By this point, it’s obvious that this record is a jigsaw puzzle of danceable electronic goodness. A crazy breakbeat instrumental like “Xtina Powers Would Like to Sleep With You” somehow neatly flows into the deep, deliberate groove of “Necrotising Archnidism” like warm butter spreads smoothly over bread. “Broken Clavicle” rotates on a few swirling keyboard notes and a staggering, grainy synth roll; the effect goes beyond ambient when an understated chorus swells through and gives the track a bit of lazy thump.
Some tracks are made stronger by the environment around them. After a few songs of slightly more standard material, the simple rhythm and stark synths on “Yes, I Built It” make it sound like the greatest dance anthem not yet released on darkened basement clubs. When Deets’ echoing voice calls out, “I know what I want / But I don’t know why,” I shudder thinking about how huge this stuff should be amongst today’s musically misguided, angst-filled youth. Oh yeah, just a note: “Megalomania and Burnt Soy Milk” really should go down as one of the greatest song titles ever.

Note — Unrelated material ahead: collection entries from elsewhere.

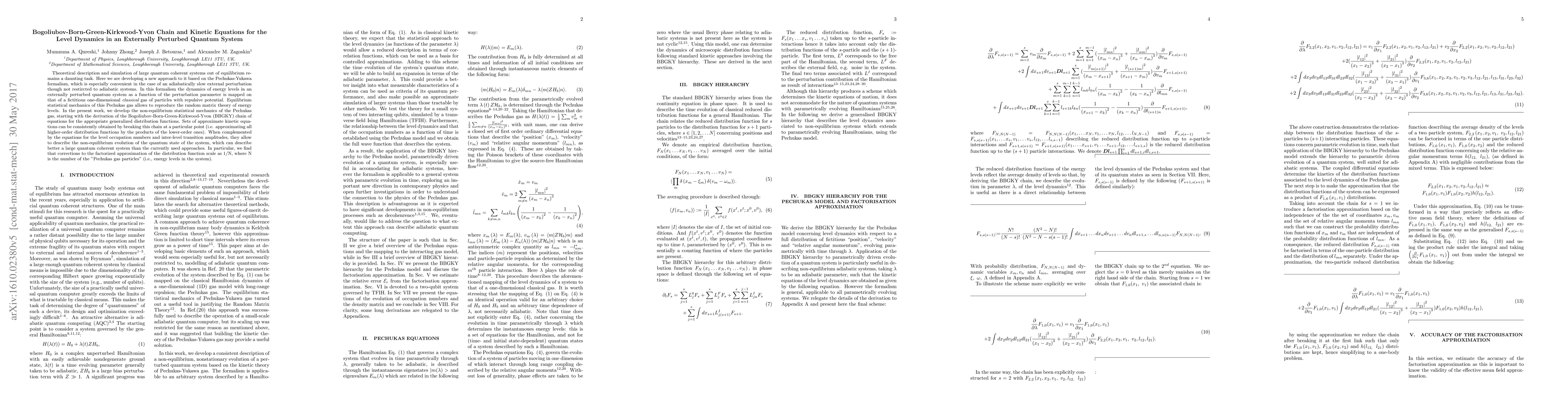 Theoretical description and simulation of large quantum coherent systems out of equilibrium remains a daunting task. Here we are developing a new approach to it based on the Pechukas-Yukawa formalism, which is especially convenient in case of an adiabatically slow external perturbation. In this formalism the dynamics of energy levels in an externally perturbed quantum system as a function of the perturbation parameter is mapped on that of a fictitious one-dimensional classical gas of particles with cubic repulsion. Equilibrium statistical mechanics of this Pechukas gas allows to reproduce the random matrix theory of energy levels. In the present work, we develop the nonequilibrium statistical mechanics of the Pechukas gas, starting with the derivation of the Bogoliubov-Born-Green-Kirkwood-Yvon (BBGKY) chain of equations for the appropriate generalized distribution functions. Sets of approximate kinetic equations can be consistently obtained by breaking this chain at a particular point (i.e. approximating all higher-order distribution functions by the products of the lower-order ones). When complemented by the equations for the level occupation numbers and inter-level transition amplitudes, they allow to describe the nonequilibrium evolution of the quantum state of the system, which can describe better a large quantum coherent system than the currently used approaches. In particular, we find that corrections to the factorized approximation of the distribution function scale as 1/N, where N is the number of the "Pechukas gas particles" (i.e. energy levels in the system).
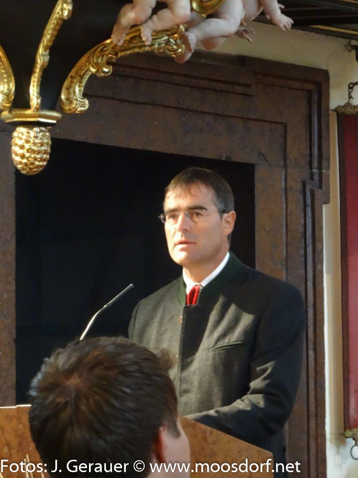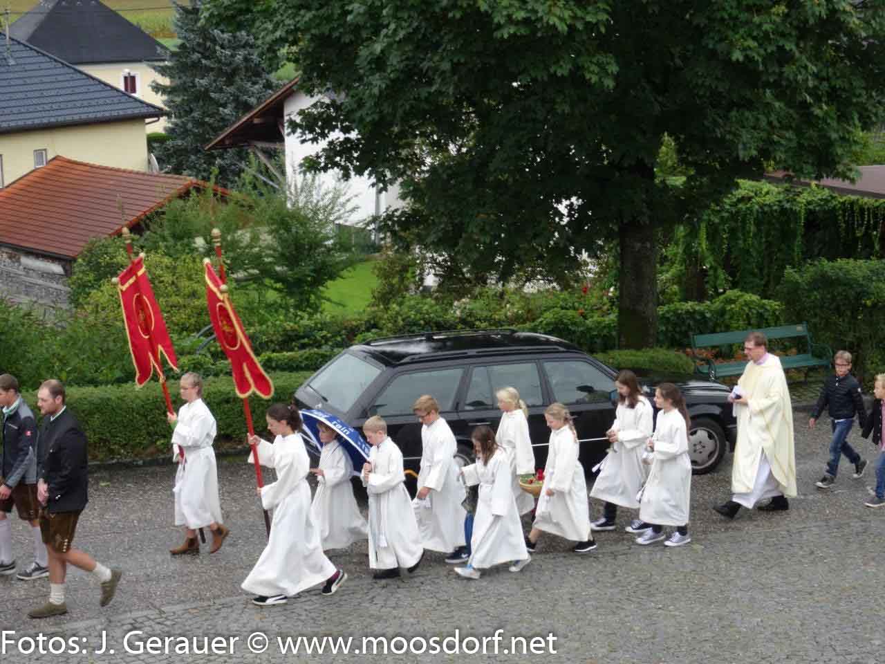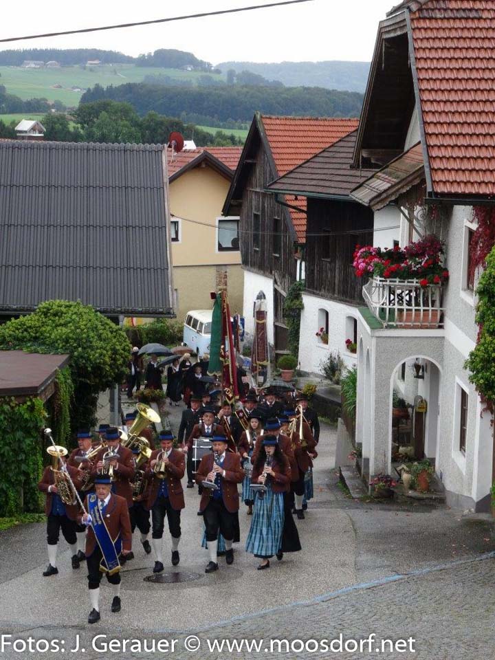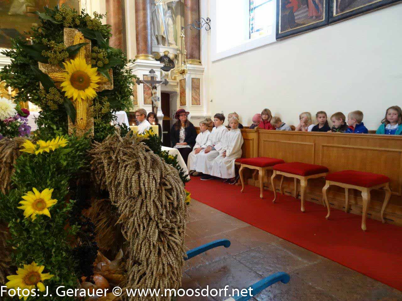 Stattlich wieder die Erntekrone, sorgfältig gebunden von der Landjugend Moosdorf, feierlich ihre Weihe vor dem Gemeindehaus durch Pfarrer Mag. Markus Klepsa, imposant der Festzug zur und in die bemerkenswert schön geschmückte Kirche, geleitet von den Musikkapellen Moosdorf und Hackenbuch und einer großen MinistrantInnenschar, begleitet von Schulkindern (Ltg. Dir. Susanne Wanitschka) Singkreis, Goldhauben, Kameradschaftsbund, Feuerwehr und erfreulich vielen Gläubigen.
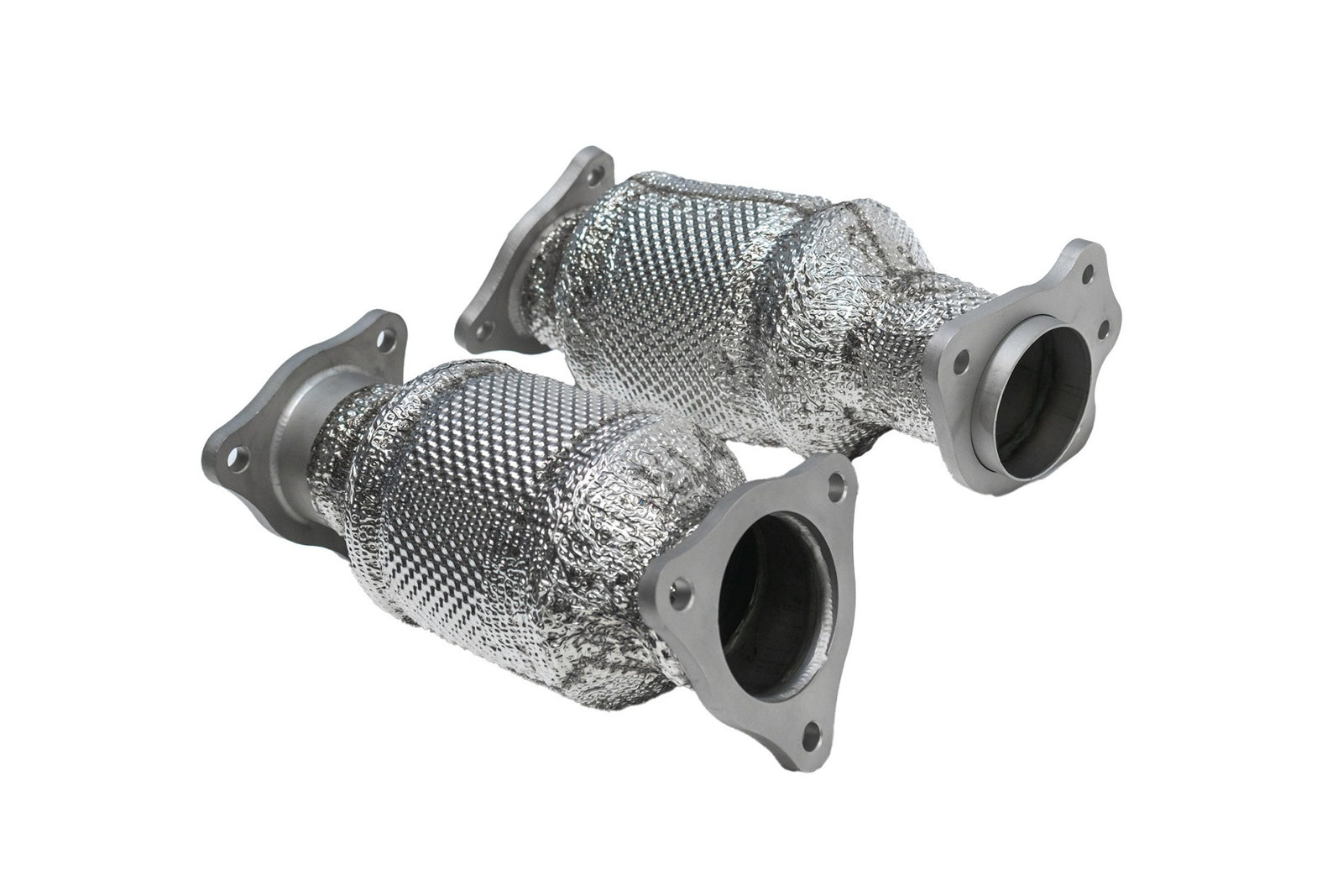 Installation: Direct bolt-on replacement for the factory catalytic converters; no modifications required.
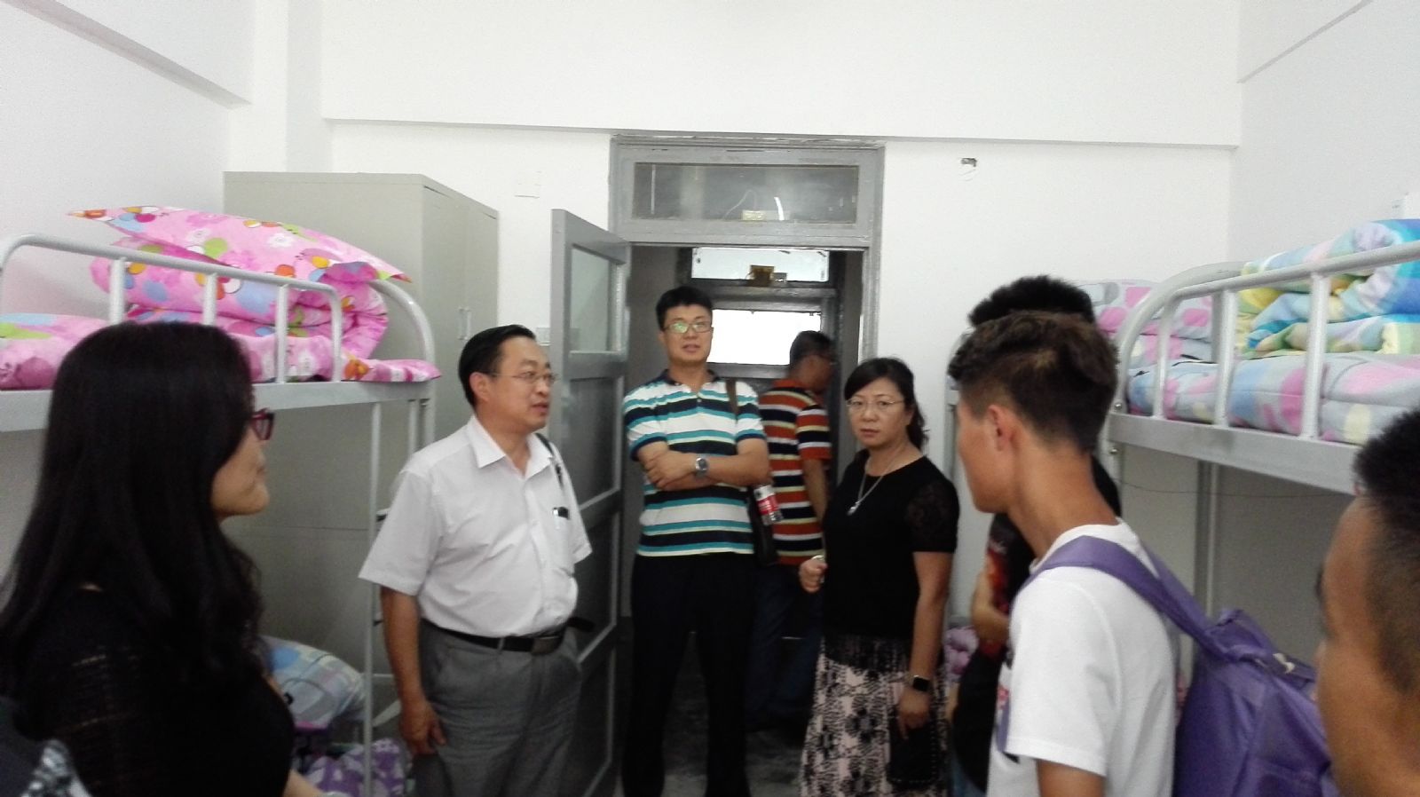 宿舍是学生生活的主阵地,也是学风建设的重要抓手。学院领导老师走访新生宿舍,不仅让新生同学感受到了来自学院的关心和关怀,让大家感到了家的温暖,而且拉近了师生间的距离,对新生缓解刚入学的各种不适起了积极的作用。
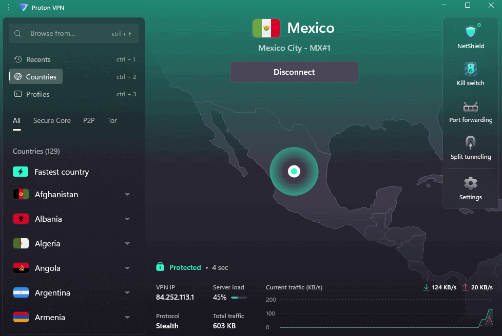 Proton VPN includes Mexican servers on its unlimited-data free plan, but free users can’t pick their server connection; instead, the VPN connects to the best server for you, so there’s a chance you’ll skip Mexico. If you want to control your server connection, you’ll need a paid plan, starting at $2.99 per month. Read our Proton VPN review for more details.
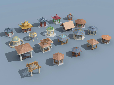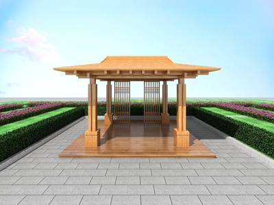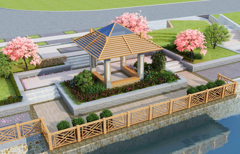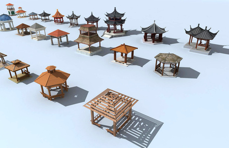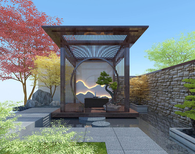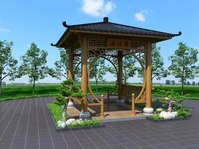 10中式景观凉亭,绿植,树,
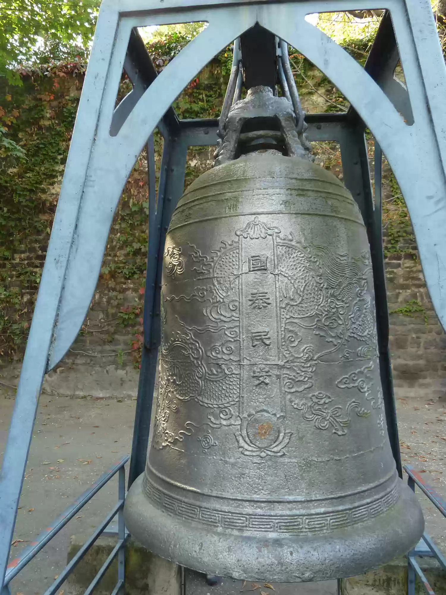 Chinese bell dedicated to Kouan-in (goddess of goodness) in 1721 and brought back from Guangzhu in 1858.
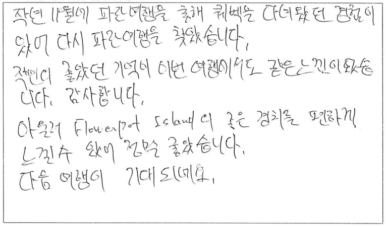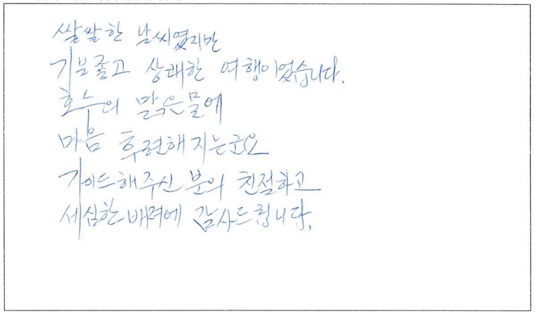 ![]() 오랜만에 가족 모두 함께한 여행이었습니다. 큰 기대없이 출발했던 토버모리 1일 여행이었지만 깨끗하고 투명한 물과 평화로운 해변(아니 호수였지만), 숲속 산책길 모두 좋았습니다. 열정적인 가이드님 설명도 즐거운 여행에 큰 몫을 담당했어요. 감사합니다. 망설이시는 분들이 있다면 추천합니다. 한번씩 가보시길~ ![]() 토요일에 만난 토버모리. 버릴게 하나 없는 풍광 모처럼 추억 가득한 여행, 가이드 혜안도 최고! ![]() 작년 11월에 파란여행을 통해 퀘벡을 다녀왔던 경험이 있어 다시 파란여행을 찾았습니다. 작년의 좋았던 기억이 이번 여행에서도 같은 느낌이었습니다. 감사합니다. 아울러 Flower Pot Island의 좋은 경치를 편하게 느낄 수 있어 정말 좋았습니다. 다음여행이 기대되네요. ![]() 쌀쌀한 날씨였지만 기분 좋고 상쾌한 여행이었습니다. 호수의 맑은 물에 마음 후련해지는군요, 가이드 해주신 분의 친절하고 세심한 배려에 감사드립니다. ![]() 토버모리 파란여행에서만 하는 여행상품이라고 들었습니다. Good Idea ![]() 가이드님의 설명도 좋았구요, 일행도 좋았습니다. 감사합니다. ![]() 간만에 하루 시간을 내어 바람쐬러 토버모리란 곳을 다녀왔습니다. 날씨도 좋아서 오가는 길 드라이브도 안전하고 즐겁게 다녀온것 같습니다. 가이드님도 상세하고 친절하게 설명해주시고 구석구석 알짜배기 팁 많이 알려주셨습니다. 아름다운 토버모리에서 그림같은 멋진 사진도 여러장 남겼습니다. 좋은시간, 일정 허락해주신 파란여행, 또 가이드님 감사합니다. 이 여름이 다 다기전에 한번 더 방문하고 싶은 생각이 듭니다. Thank you!!! |

The album closes with a dirty two-minute electro-punk rage in “Disgusting Savage (Theme From The Lost Larrikin Long Play)” that somehow works in the context of putting the disc on repeat and flowing back to the bass sounds opening the album.
This record goes down as my most unappreciated release of 2006. Had I been aware of its existence in time, The Lost Larrikin Long Play would’ve easily made my Top Ten list for the year without a second thought. “Adults Pretend to Be Doing Stuff” is the ultimate mixtape fodder, and the rest of the album follows suit tremendously. The best part? Later on in 2006, Deets dropped a similarly good remix album, To Orchestrate a Murder, that adds some grit and fuzz to the proceedings to good effect. ‘Solo projects’ rarely get better than this, indeed.